Backslash roundtrip problem

uiri / toml

Python lib for TOML

MIT License

1.08k stars 190 forks source link

Backslash roundtrip problem #404

Open jeremysanders opened 2 years ago

jeremysanders commented 2 years ago

I'm having problems with Windows paths stored in toml files:

In [1]: import toml
In [2]: foo = {'a': 'C:\\hostedtoolcache\\windows\\Python\\3.9.13\\x64\\Lib\\site-packages\\PyQt5\\bindings'}
In [3]: d = toml.dumps(foo)
In [4]: d
Out[4]: 'a = "C:\\hostedtoolcache\\windows\\Python\\3.9.13\\x64\\\\Lib\\\\site-packages\\\\PyQt5\\\\bindings"\n'
In [5]: toml.loads(d)
/usr/lib/python3/dist-packages/toml/decoder.py in loads(s, _dict, decoder)
    512                                         multibackslash)
    513             except ValueError as err:
--> 514                 raise TomlDecodeError(str(err), original, pos)
    515             if ret is not None:
    516                 multikey, multilinestr, multibackslash = ret

TomlDecodeError: Reserved escape sequence used (line 1 column 1 char 0)

It looks like only some backslashes are escaped properly by dumps. I tested this with toml from github.

jeremysanders commented 2 years ago

Ok, I think I've narrowed this down to the presence of \x in the string:

In [24]: toml.dumps({'a': r'\x43'})
Out[24]: 'a = "\\u0043"\n'

https://github.com/uiri/toml/blob/59d83d0d51a976f11a74991fa7d220fc630d8bae/toml/encoder.py#L98 is wrong, as it splits on \x, but does not ignore \\x.

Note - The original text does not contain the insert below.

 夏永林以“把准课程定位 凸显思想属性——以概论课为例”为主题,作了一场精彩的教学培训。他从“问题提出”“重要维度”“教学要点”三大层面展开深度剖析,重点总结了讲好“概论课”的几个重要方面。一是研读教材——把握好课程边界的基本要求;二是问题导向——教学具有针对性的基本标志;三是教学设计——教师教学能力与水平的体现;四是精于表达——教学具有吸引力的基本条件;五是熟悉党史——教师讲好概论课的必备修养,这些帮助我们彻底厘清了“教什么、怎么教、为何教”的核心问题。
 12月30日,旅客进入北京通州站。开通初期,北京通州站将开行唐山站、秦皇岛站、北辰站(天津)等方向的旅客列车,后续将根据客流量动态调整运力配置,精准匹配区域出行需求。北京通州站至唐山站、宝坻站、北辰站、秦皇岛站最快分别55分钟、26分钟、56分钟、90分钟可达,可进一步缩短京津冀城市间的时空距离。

jeremysanders commented 2 years ago

I've created a pull request. However, I notice there are problems with strings like '\x02' which don't seem to work, which my pull request doesn't address.

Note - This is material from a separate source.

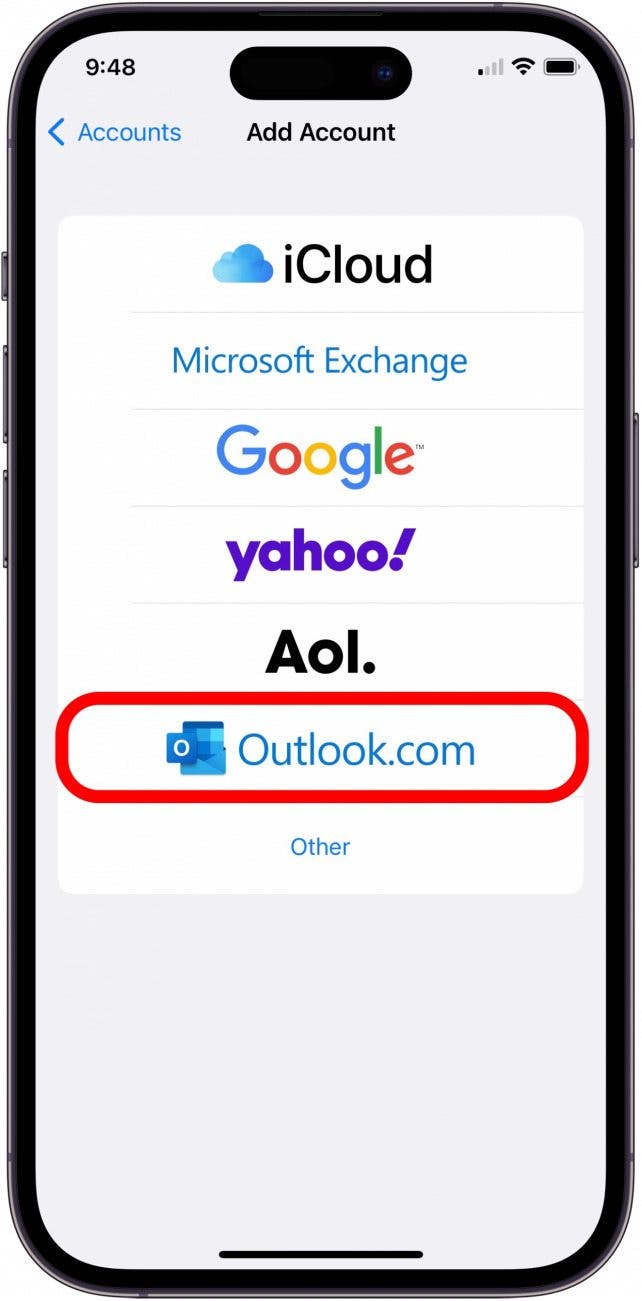 - 如果您不想下载单独的应用程序,您还可以在“设置”应用程序中添加您的 Outlook 帐户以同步您的日历、邮件、联系人等。
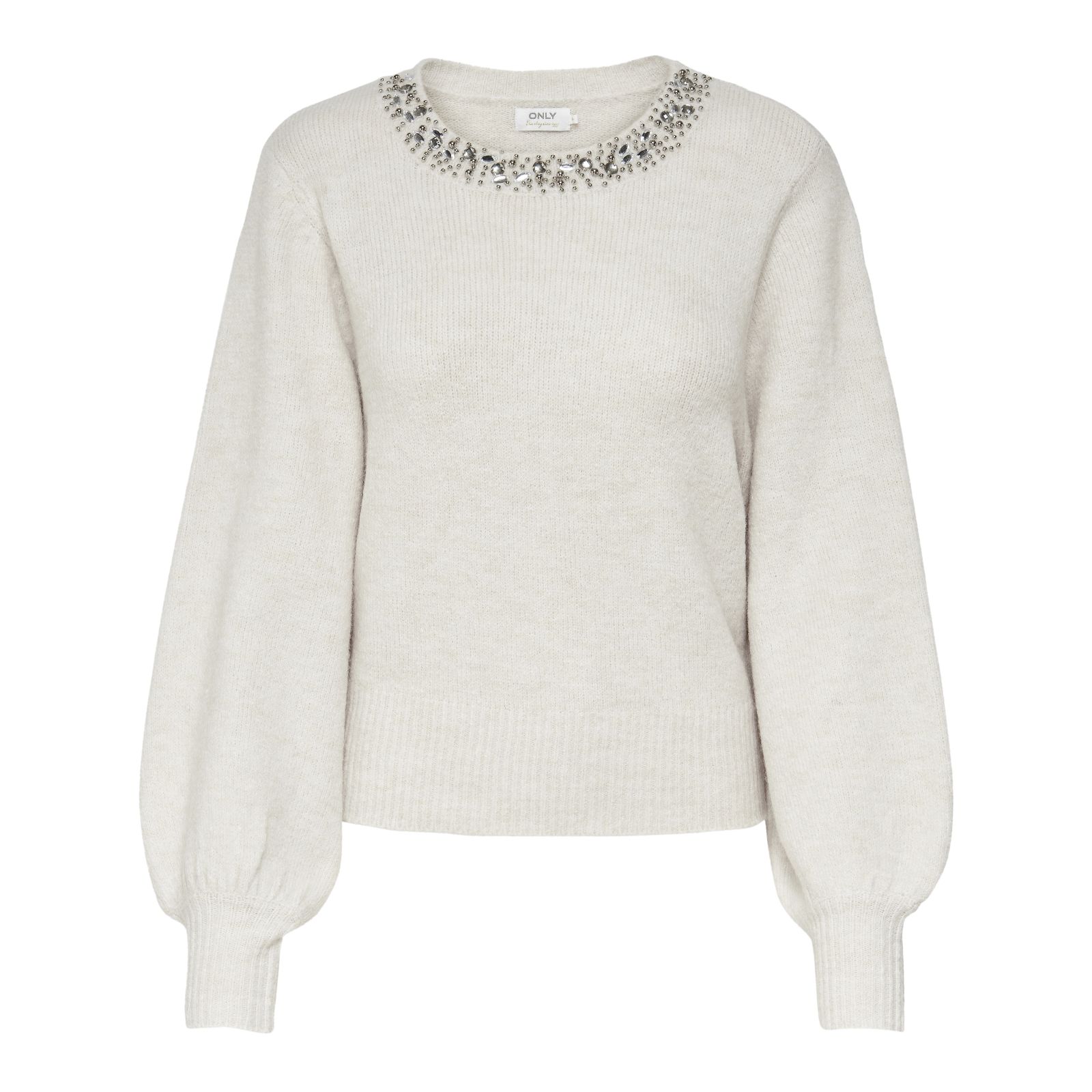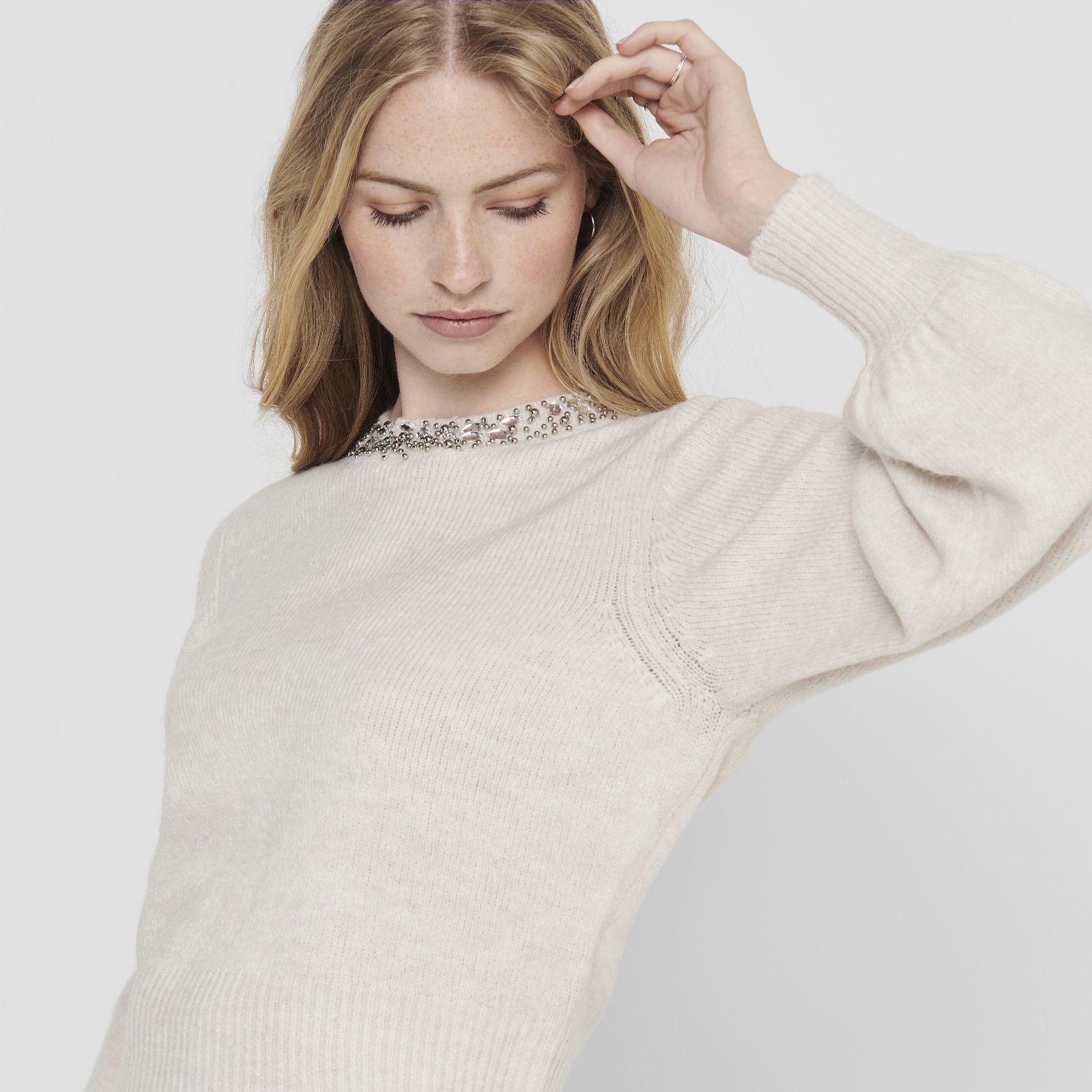 Add a touch of sparkle to your everyday style with the Elsa embellished neck jumper from Only. This knitted pullover boasts a classic round neckline and long sleeves, elevated by delicate rhinestone detailing that catches the light beautifully. Perfect for everything from coffee dates to cosy evenings in, it offers a regular fit that's effortless to wear. Pair it with tailored trousers for a chic office look or layer over a midi skirt for weekend charm.

davidfokkema commented 2 years ago

Got bitten by this just now. I have a user whose name starts with an 'x' and saving their home directory path into a config file breaks my app. Not fun.

davidfokkema commented 2 years ago

I'm switching to tomli (included in the standard library of version 3.11) in combination with tomli_w.

dimakuv commented 1 year ago

We were also bitten by this:

>>> toml.dumps({'A': '\\x2d'})
'A = "\\u002d"\n'

As was already pointed out, this code is at fault: https://github.com/uiri/toml/blob/59d83d0d51a976f11a74991fa7d220fc630d8bae/toml/encoder.py#L99-L113

The code is extremely complicated and must be untangled in order to fix this bug. We didn't attempt it; instead we're planning on switching to tomli.